Tuesday, September 11, 2012

The problem with World Suicide Prevention Day is the idea that suicide is preventable

Suicide is prehaps the biggest thorn in the side of the pro-life bias in our culture. The idea that suicide can be (and most often is IMO) a rational act and not a symptom of madness does alot to expose what this existance is really about. The assumption that life is always a universal good in itself is exposed as baseless by the existance of those for whom the future realisitcally holds no prospect of positive utility that can outweigh their suffering, and who would choose to end their lives rather than suffer on in hope that 'it might get better'. At the moment we as a culture are stuggling to accept the idea that suicide might a valid choice for someone who is already in terminal physical decline and living in a great deal of physical pain, or without the ability to function in a way that physically healthy people take for granted. A great deal of resistance can be expected to the idea that suicide might also be a valid and rational choice for a person who is physically healthy, especially if they are young.
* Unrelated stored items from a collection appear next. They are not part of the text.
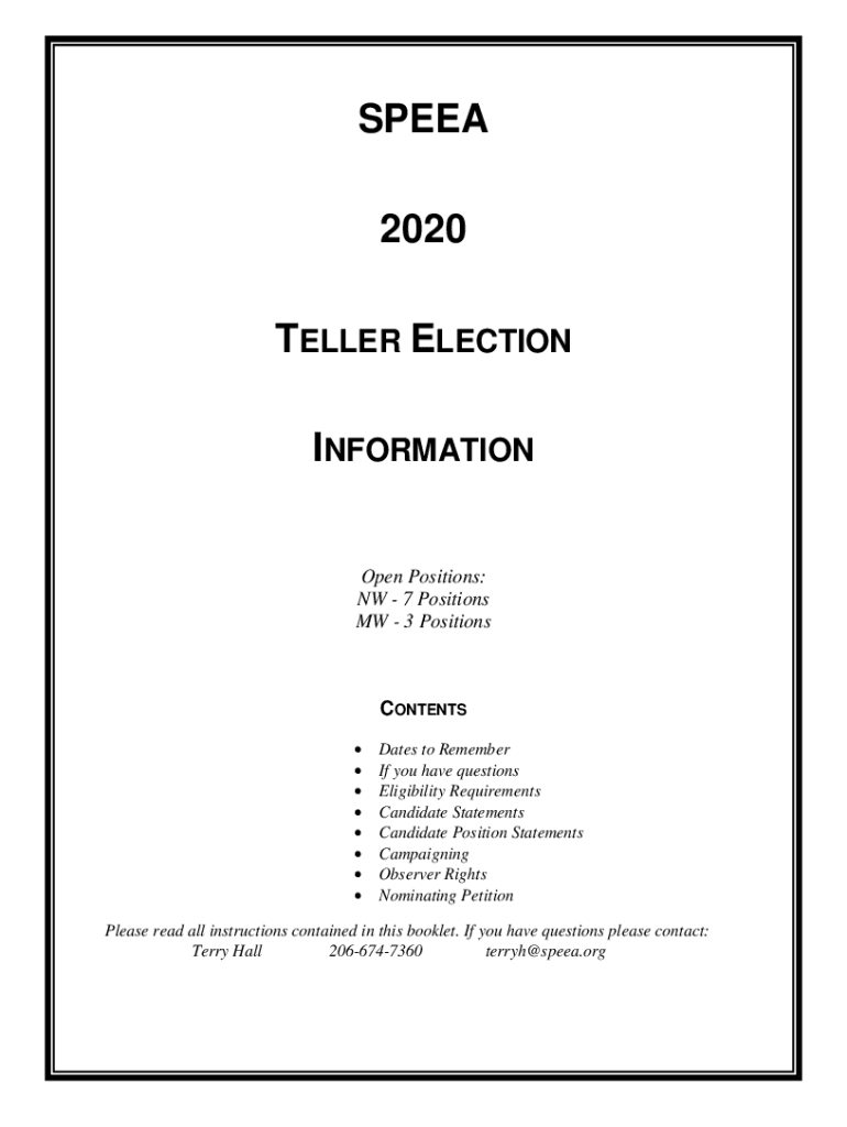 SPEED 2020 TELLER ELECTION INFORMATION Open Positions: NW 7 Positions MW 3 PositionsCONTENTS Dates to Remember If you have questions Eligibility Requirements Candidate Statements Candidate Position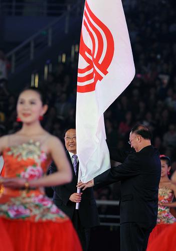 國家體育總局局長劉鵬(右)將中華人民共和國運動會會旗交給遼寧省省長陳政高。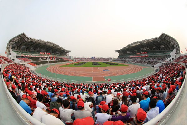 린이대학교 새 운동장 부지면적이 95387평방미터이며 건축 면적이 40915평방미터이다. 남북 길이는 300미터이며 동서 넓이는 250미터이다. 동,남,서,북 방향 총 4개의 계단식 관람석이 설치되어 38000명 관객을 용납할 수 있다. 시민들이 앞으로 새 운동장에서 체육경기 및 각종 공연을 관람할 수 있다.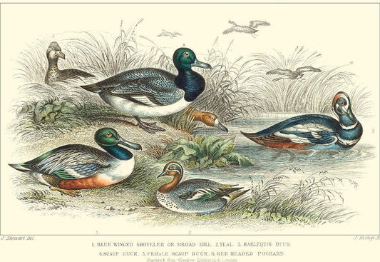 Duck Varieties White Modern Wood Framed Art Print with Double Matting by Stewart, J.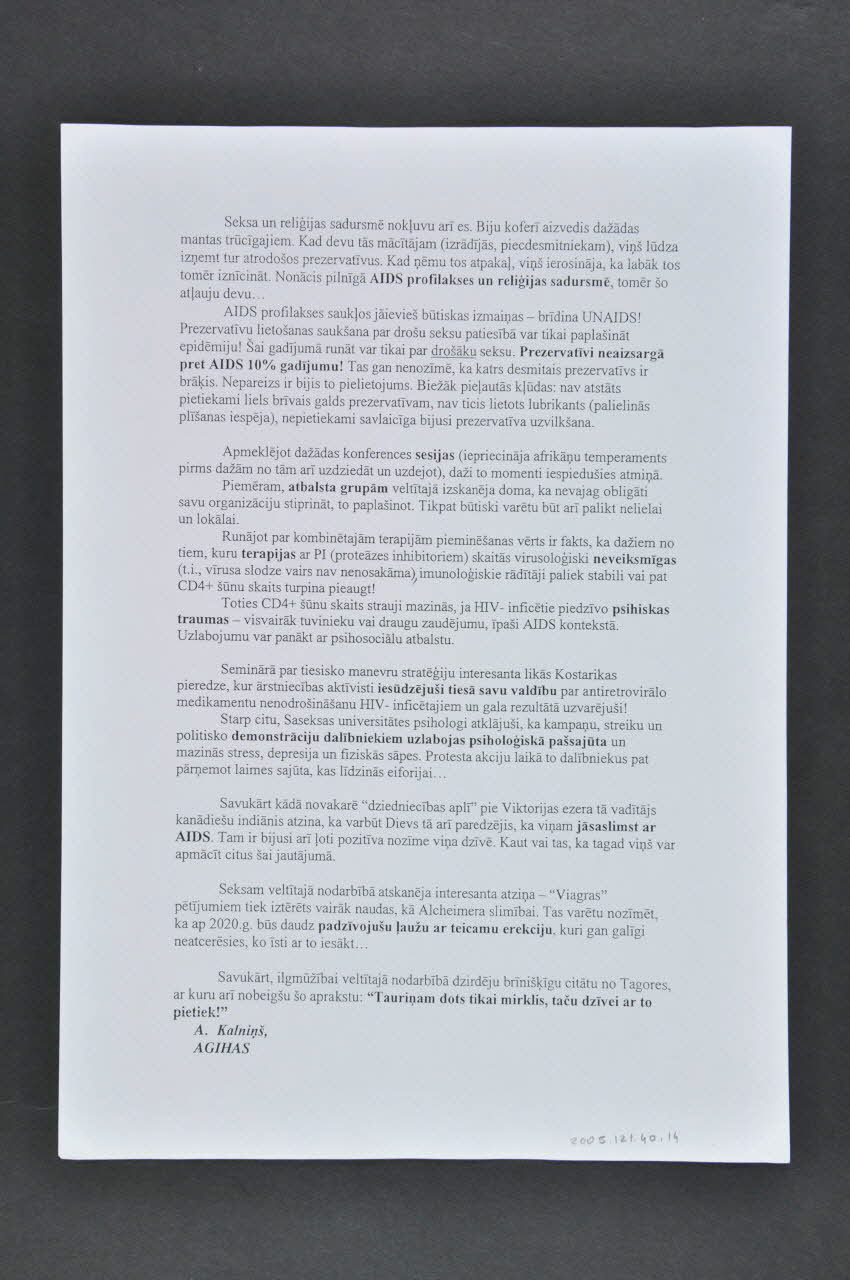 Il s'agit d'une feuille de papier machine au format A4 imprimée en noir sur ses deux faces. En haut on peut voir le titre en gras et en grandes capitales. Le texte est en letton, il y a treize paragraphes. A la fin le texte est signé.Inscriptions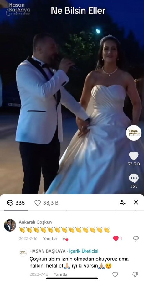 Müzik öğretmeni Hasan Başkaya, görüntülerin kendi hesaplarından değil, çeşitli düğün sayfaları tarafından paylaşıldığını belirterek, "Eşim amatör olarak söyledi. Gelinliğiyle şarkı söylemesi çok dikkat çekti. Kendi hesabımda bin 500 beğeni kaldı ama farklı hesaplar milyonlara ulaştı" dedi.
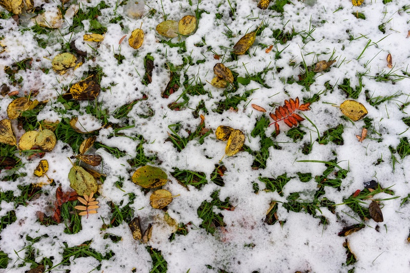 Естественный фон с желтыми и красными листьями на снегу
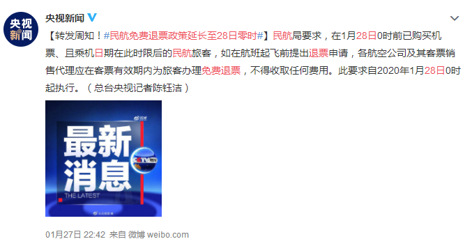为防止疫情蔓延,民航局做出要求,自2020年1月24日0时起,此前已购买民航机票的旅客自愿退票的,各航空公司及其客票销售代理机构应免费办理退票,不得收取任何费用,后又延长至1月28日零时。
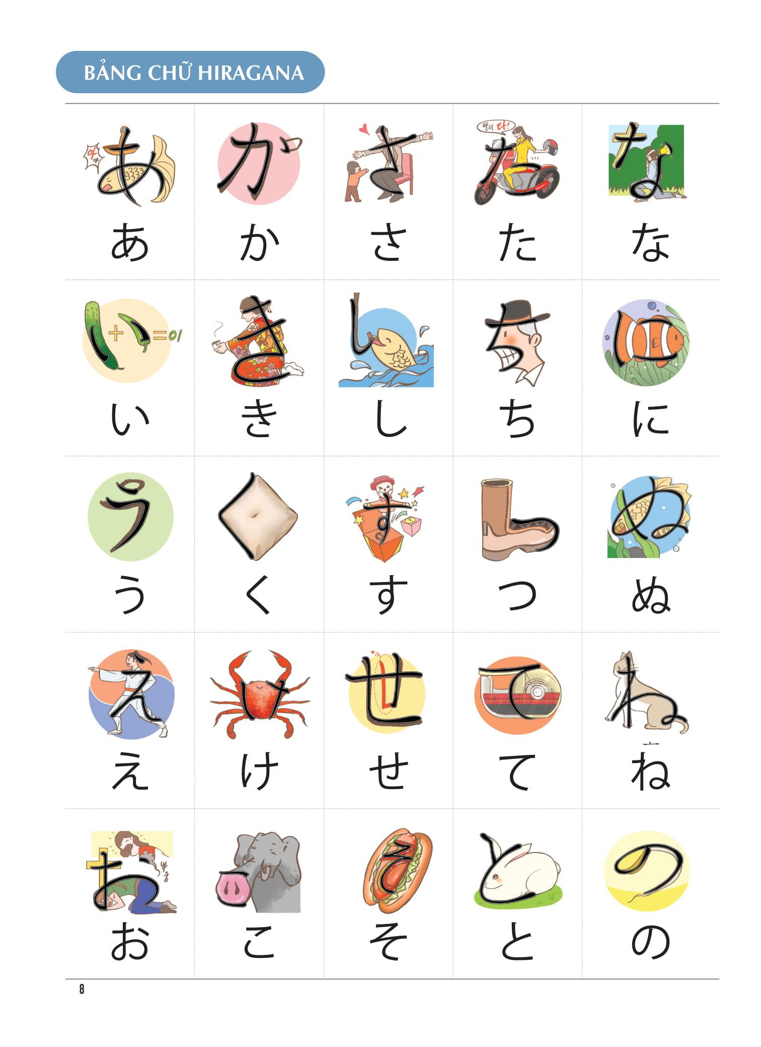 50 bức ảnh minh họa bảng chữ cái Hiragana, bao gồm các hình ảnh minh họa phù hợp nhất với các chữ cái để người học liên tưởng đến các hình ảnh và học thuộc dễ dàng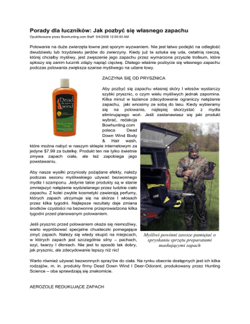 Porady dla łuczników: Jak pozbyć się własnego zapachu Opublikowane przez Bowhunting.com Staff 9/4/2008 12:00:00 AM Polowanie na duże zwierzęta łowne jest sporym wyzwaniem. Nie jest łatwo podejść na odległość dwudziestu lub trzydziestu jardów do zwierzyny. Kiedy już ta sztuka się uda, ostatnią rzeczą, której chciałby myśliwy, jest zwęszenie jego zapachu przez wymarzone przyszłe trofeum, które spłoszy się zanim łucznik zdąży napiąć cięciwę. Dlatego właśnie pozbycie się własnego zapachu podczas polowania zwiększa szanse myśliwego na udane łowy. ZACZYNA SIĘ OD PRYSZNICA Aby pozbyć się zapachu własnej skóry I włosów wystarczy szybki prysznic, o czym wielu myśliwych jednak zapomina. Kilka minut w łazience zdecydowanie ograniczy natężenie zapachu, jaki wnosimy ze sobą do lasu. Kiedy wybieramy się na polowanie, najlepiej skorzystać z mydła eliminującego woń. Jeśli zastanawiasz się jaki produkt wybrać, redakcja Bowhunting.com poleca Dead Down Wind Body & Hair wash, które można nabyć w naszym sklepie internetowym za jedyne $7.99 za butelkę. Produkt ten nie tylko świetnie zmywa zapach ciała, ale też zapobiega jego powstawaniu. Aby nasze wysiłki przyniosły pożądane efekty, należy podczas sezonu myśliwskiego używać bezwonnego mydła I szamponu. Jedynie takie produkty są w stanie zmniejszyć natężenie wydzielanego przez ludzkie ciało zapachu. Z kolei zwykłe kosmetyki zawierają perfumy, których zapach utrzymuje się na skórze I włosach przez kilka tygodni. Najlepsze rezultaty daje zmiana środków czystości na bezwonne przeprowadzona kilka tygodni przed planowanym polowaniem. Jeśli prysznic przed polowaniem okaże się niemożliwy, warto wypróbować specjalne chusteczki pomagające zmyć zapach. Należy się wtedy skupić na miejscach, w których zapach jest szczególnie silny – pachach, szyi, twarzy I dłoniach. Nie jest to sposób tak dobry, jak prysznic, ale zdecydowanie lepszy niż nic! Myśliwi powinni zawsze pamiętać o spryskaniu sprzętu preparatami maskującymi zapach Warto również używać bezwonnych spray'ów do ciała. Na rynku obecnie dostępnych jest ich kilka rodzajów, m. in. produkty firmy Dead Down Wind I Deer-Odorant, produkowany przez Hunting Science – oba sprawdzają się znakomicie. AEROZOLE REDUKUJĄCE ZAPACH Kolejnym ważnym elementem przy próbie ograniczenia zapachu są aerozole go eliminujące. Należy upewnić się, że wszystkie ubrania i sprzęt myśliwski są wolne od zapachu przed I po każdym polowaniu. Aby zachować je w takim stanie przyda się spray usuwający zapach, którym powinno się spryskać całą odzież przed wyruszeniem na łowy, co pozwoli uniknąć pozostawienia swojej woni, którą mogłoby wyczuć zwierzę. Nie należy też zapominać o spryskaniu wszystkich akcesoriów, jak również łuku, plecaka I właściwie wszystkiego, co będzie nam potrzebne podczas polowania. Preparat Evolve Field Spray od Dead Down Wind jest świetnym wyborem, jeśli zależy nam na wyeliminowaniu zapachu. Jest dostępny w różnych rozmiarach opakowań, w tym mieszczącej osiem uncji butelce, która doskonale zmieści się do plecaka. ODZIEŻ WĘGLOWA Jedną z najpopularniejszych metod oszukania nosa jelenia, lub jakiejkolwiek innej zwierzyny, jest założenie na siebie odzieży z węglową podszewką. Co prawda spora grupa łuczników skarży się na jej niezbyt wysoką skuteczność, ale może to wynikać z niewiedzy w zakresie jej użytkowania. Aby ubrania podszyte włóknami węglowymi były skuteczne, należy najpierw je aktywować w suszarce (40 minut po około 40 godzinach użytkowania). Kiedy węgiel jest już aktywowany, należy umieścić go w wolnym od zapachów pojemniku aż do momentu, kiedy myśliwy dotrze na polowanie. Częstym błędem jest pozostawienie aktywowanej odzieży w samochodzie lub w szafie, gdzie przyciąga on zewnętrzne zapachy, jak choćby zapach płaszcza wiszącego obok. Nie należy się też dziwić jeśli nasz strój czuć benzyną, kiedy zostawimy go w samochodzie podczas tankowania. Jeśli już wysupłamy pieniądze na taki ekwipunek, musimy zawsze zakładać wszystkie elementy stroju – należy pamiętać zwłaszcza o nakryciu głowy. Testy wykazują, że nawet jedna trzecia zapachu, wydzielanego przez ludzkie ciało pochodzi z ust i czubka głowy. Myśliwy bez nakrycia głowy jest łatwo wyczuwalny. Przechodząc do tematu zapachu z ust, są na rynku dwa świetne produkty, które rozwiązują ten problem I przynoszą ulgę zaniepokojonym łucznikom. Pierwszym środkiem jest Gum-O-Flage produkcji Hunting Science. Jest to guma do żucia zawierająca chlorofil I środki zapobiegające rozprzestrzenianiu się bakterii w jamie ustnej, co pomaga pozbyć się nieprzyjemnego zapachu. Biorąc pod uwagę, że kosztuje jedynie kilka dolarów za paczkę, warto zastanowić się nad zakupem. Zwłaszcza, kiedy pomyślimy, ile zapachu wydziela się przez usta I nos. Drugim z wymienionych produktów jest Smootchie – jednorazowa maseczka na usta oraz nos, zawierająca dużą ilość aktywowanego węgla, który pochłania zapach wydostający się z ust oraz nosa. Smootche stanowi ciekawą alternatywę dla tradycyjnych masek węglowych, które należy ponownie aktywować po kilkukrotnym użyciu. Kiedy już uporamy się z kapturem I rękawicami, warto upewnić się, że stopy są również wolne od zapachu. Wyniki badań wskazują, że jeleń jest w stanie zwęszyć człowieka na podstawie zapachu w śladach butów nawet kilka dni po tym, gdy myśliwy opuści miejsce polowania. Buty myśliwskie należy przechowywać w bezwonnym pojemniku, kiedy z nich nie korzystamy. Zdecydowanie odradzamy polowanie poprzedzone choćby spacerem do sklepu w tych samych butach. Kolejnym sposobem na pozbycie się zapachu, jest używanie skarpet, które go pochłaniają. Przed założeniem butów należy spryskać je środkiem usuwającym woń. To samo robimy ze stopami I skarpetami
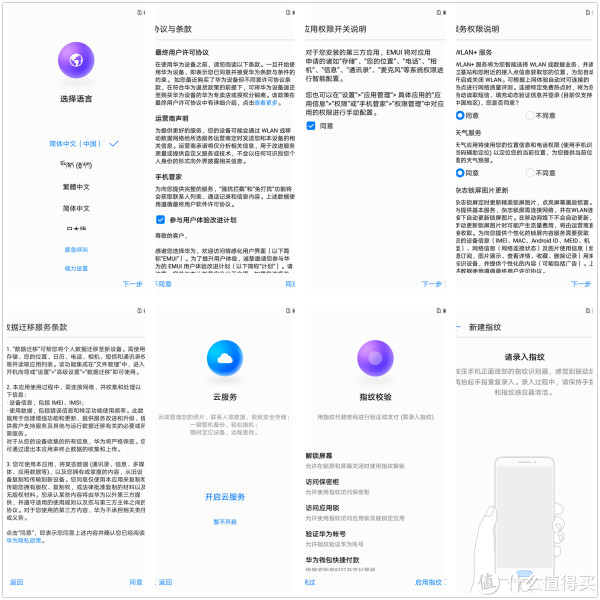 初次开机,会有各种协议与条款需要确认。荣耀9 的内置语言十分丰富,搭载了几十国的语言,这也是华为手机走向世界的一个原因吧?云服务自然是不可缺少的,注册华为账号,可享受华为云服务,重要的照片,视频还有通讯录再也不怕丢失了。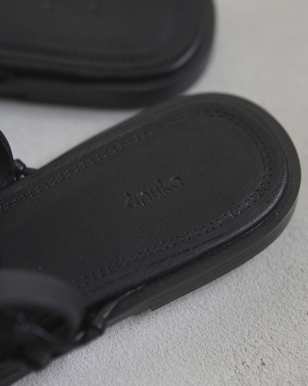 フラットなエコレザーブレードを一つ一つ手作業で編み込んだメッシュサンダル。 大きめのメッシュに編み込みの結び目がアクセントになり、立体的な仕上がりで、コーディネートのポイントになります。クッション性のあるインソールとかかとを固定するバンド付きで、履き心地の良さにもこだわりました。素足ではもちろん、シアーソックスやカラーソックスなどとレイヤードするのも可愛いです。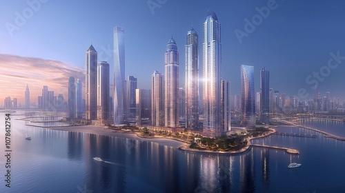 Mega tall skyscrapers. Modern glass skyscrapers against the sky. Tall modern skyscrapers with glass facades reflecting the surroundings. Night architecture.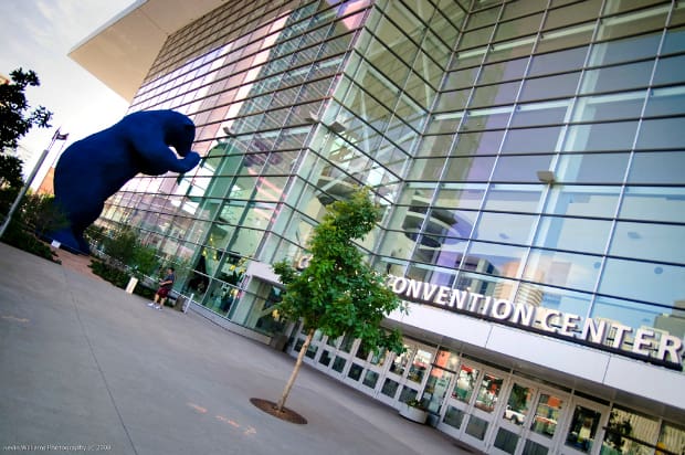 Colorado Convention Center with metal bear sculpture peering into windows. Photo by Kevin Williams.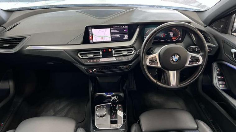 Active guard plus, Attentiveness assist, BMW ConnectedDrive online services, BMW Teleservices, Check Control warning system for monitoring of lights and door/luggage compartment open warning, Cruise control with speed limiter, Eco pro mode, Front axle single joint with specific axle kinematics to minimise drive influences on steering + provide increased rigidity agile driving behaviour, Integrated owners handbook, Lane departure warning system, Oil sensor for level and grade, On board computer, Optimum shift indicator, Personal Profile, Pull away assistant, Rigidly mounted rear subframe - Multi link construction with separate spring / damper configuration and excellent driving characteristics, Speed limit Info including no-overtaking indicator, Aluminium lightweight construction, Anti roll bar front and rear, Balancer shaft, Double VANOS twin scroll turbocharging system, Drive Performance Control, Electronic differential lock, High precision injection, M sport suspension, Petrol Particulate Filter, Twin tube gas filled shock absorbers with degressive characteristic curve, VALVETRONIC engine management, DAB Digital radio, Auto dimming rear view mirror, Automatic headlight beam throw control, Automatic windscreen wipers and automatic headlight, Body colour door handles, Body colour mirror caps, Body colour roof trims, Chrome 'M' logo side designation, Chrome exhaust twin tailpipes round 90mm in left, Chrome kidney grille frame with Satin Aluminium struts, Direction indicator side lights in exterior mirrors, Electrically adjustable exterior mirror with mirror adjustment switch on drivers armrest and aspheric on driver side, convex on passenger side, Fading support, Folding side mirrors with auto dimming/folding wing mirrors with auto dimming, Follow me home headlights, Front and rear bumper system with replaceable deformation elements, Front and rear electric windows with open and close fingertip control, anti trap facility and comfort closing, Front door sill finishers in black plastic with M designation in metallic look, Green tinted heat protection glazing, High gloss shadowline window frame, Recess cover mirror frames and B/C pillar embelisher trim, High level third brake light, Integrated front windscreen with washer jets, LED daytime running lights, LED eyebrow turn indicators, LED front fog lights, Lightweight engineering, Matt black air guide grilles, Matt black wheel arch trim, Model designation on electric bootlid, Nearside reverse light in rear light cluster, Preparation for high beam assistant, Rear fog lights, Rear side wing doors, Rear window wiper, Shark fin antenna, Trailer stabilisation logic, Visible VIN plate, Welcome lighting, 12V power socket in front centre console with blanking plug, 3 rear seat head restraints, 3 seat bench in 2nd row, 3 spoke sports leather steering wheel with black leather and stitching, pearl chrome decorative finish, specific M Badge, Anthracite headlining, Black boot net with lashing eyes, Cargo function on 2nd seat row, Child seat ISOFIX attachment for two outer rear seats and front passenger seat with anchorage points, Conditioned based service, Driver and front passenger backrest net on rear, Driver and front passenger seat heating, Driver side folding compartment in instrument panel, Folding rear clothes hook, Four grab handles integrated in roof lining, Front and rear door pockets with bottle holders, Front and rear side armrest integrated into door trim, Front armrest, Front sports seats, Glove compartment, Height adjustable front head restraints, Luggage compartment for bag hooks on left and right, foldable luggage compartment liner and four lashing eyelets, Manual adjust steering wheel, Multi-function controls for steering wheel, Single front passenger seat, Storage compartment in centre console, Storage compartment in luggage compartment, Stowage of the parcel shelf in luggage compartment trim, Sun visors with vanity mirrors and insert tab, Two front centre console cupholders, Two zone automatic air conditioning, Type C two USB ports in rear centre console, Velour floor mats, Additional interior lighting pack - 1 Series, BMW live cockpit professional pack- 1 Series, Connected pack professional - 1 Series, Interior lights pack - 1 Series, M Sport exterior styling aerodynamics pack - 1 Series, 2 tone horn, 3 point seatbelts on all seats, front pyrotechnic belt tensioners, stopper and belt force limiters, rear coded belt buckles, Airbags - Front driver/passenger, front and rear curtain head protection, front side, manual deactivation of front passenger airbag, Anti lock braking system (ABS) with brake assist, BMW emergency call, Brake drying, Braking readiness, Child proof locking system in rear door, City braking function, Comfort modes, Cornering brake control, Crash sensor activating of airbags, Unlocking doors, hazard warning lights, fuel cut off, interior lighting+activation of safety battery terminal clamp, Driver and front passenger seat belt security check, Dynamic stability control + (DSC+), Dynamic Traction Control - DTC, Electrically operated hand brake including automatic hold function, Front and rear disc brakes, Seatbelt warning, Side impact protection, Tyre pressure monitoring system, Warning triangle and first aid kit, Central locking switch for all doors, fuel filler cap and luggage compartment, Deadlocking function system to all doors, Drive away locking system on all doors and luggage compartment with de-activated in iDrive settings, Locking wheel bolts, Remote control with integrated key with High-gloss Black inlay and M designation and 1 button for open/ close lock, window, open luggage compartment, Start/stop button illuminated in centre console with keyless engine start and auto start stop deactivation button, Thatcham Cat.1 alarm and immobiliser, Wheel slip limitation close to the actuator (ARB), Contrast stitching on instrument panel, 18" Burnished M double spoke bi-colour alloy wheels finished in orbit grey - styl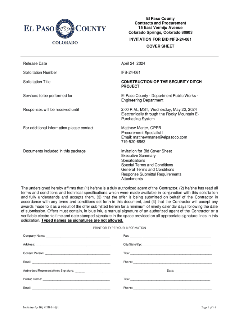 El Paso County Contracts and Procurement 15 East Vermijo Avenue Colorado Springs, Colorado 80903 INVITATION FOR BID #IFB24061 COVER SHEETRelease DateApril 24, 2024Solicitation NumberIFB24061Solicitation

The pro-life bias in a modern secular society, a society that is supposedly built upon the foundations of objective reason rather than superstition, is quite different to the taboos placed on suicide in traditional religious cultures. Before the 'enlightenment' in Western culture, suicide was considered a sin because it was a subversion of the will of god, who created man to live on Earth according to his design. No matter how bad one's suffering is on Earth, there could be no excuse for taking one's life, it would be considered a spiritual failure. The pro-life bias in secular humanism is not based on aquiescence to the will of a diety, but has inherited some of the residual trappings of that judeo-christian world view. Rather than prescribing that we stoicly suffer in this world to earn our reward in the eternal everafter, secular humanism is built on the idea of optimising happiness in this world here and now. What both have in common is the underlying assumption that everyone can be happy, whether it's in heaven or whether it's on Earth. A christian would want to 'save' someone from suicide because they are concerned for the fate of that person's soul, for a secular person there is no soul to be saved only the validity of the pro-life bias itself, which has it's roots in a sort of wilful ignorance:

'Perhaps we do not want to acknowledge that we live in a world where some people are currently so bad off that any of the following would improve their lives: (a) selling an organ; (b) selling themselves for sex; (c) ‘escaping’ their lives by getting high; (d) working at a factory at 8 years old.  Paternalism can serve to protect the paternalist from seeing the world as it is.'

The above quote is from Jason Roy discussing the function of paternalism in the denial of realties that are unpleasant to the majority of people. He goes on to say that by censuring certain behaviors that result from people having to endure intollerable circumstances:

'...we, to a large extent, avoid the sympathy response. People who break the law to use drugs or sell themselves for sex are not viewed as worthy of sympathy, because they are criminals.'

Suicide is generally not considered criminal, but the same kind of paternalism is at play in suicide prevention as it is in drug prohibition or prostitution abolition. The suicidal are generally seen as 'mad' rather than 'bad', mentally ill rather than criminal, but with the same predictable results, ie; the negation of personal autonomy and the increase of suffering while ostentasiously trying to prevent it. On top of the natural berievement anyone will experience when losing a loved one, the friends and relatives of a suicide often face the guilt that they could have done more to prevent it. The idea that suicide can and ought to be prevented, like with drug use and prostitution, can only be practically realised by locking people away or otherwise keeping them under constant scrutiny and by trying to convince them that their own experience and motivations are invalid.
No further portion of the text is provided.